Task statement - Starting with the line that has "Model met vaste toiletspot" in the records below and ending with the line that has "работы хороши, выбирай", output those lines exactly and nothing more; omit the pictures.

Available data -
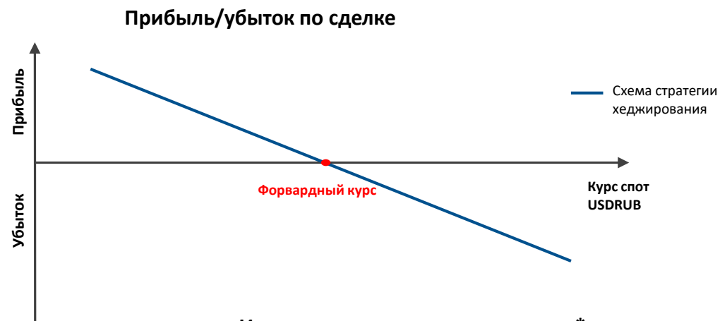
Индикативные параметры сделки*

...

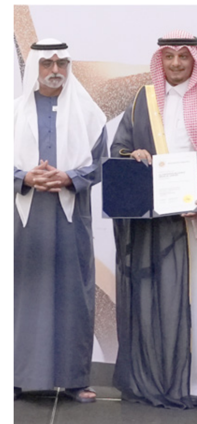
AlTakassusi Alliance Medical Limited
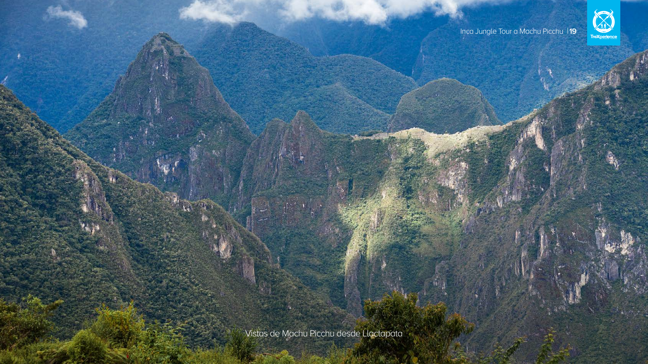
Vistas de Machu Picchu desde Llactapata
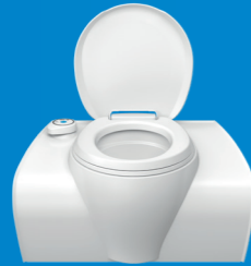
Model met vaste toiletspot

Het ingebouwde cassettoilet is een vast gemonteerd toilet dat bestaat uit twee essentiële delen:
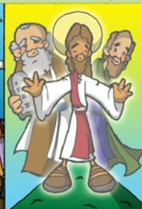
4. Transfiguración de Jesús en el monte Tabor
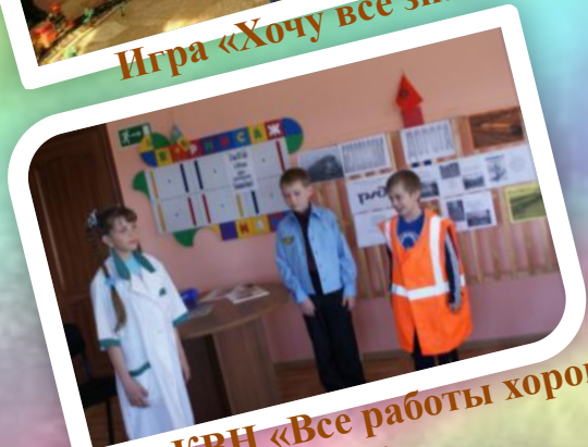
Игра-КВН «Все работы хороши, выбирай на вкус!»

Expected answer -
Model met vaste toiletspot

Het ingebouwde cassettoilet is een vast gemonteerd toilet dat bestaat uit twee essentiële delen:
4. Transfiguración de Jesús en el monte Tabor
Игра-КВН «Все работы хороши, выбирай на вкус!»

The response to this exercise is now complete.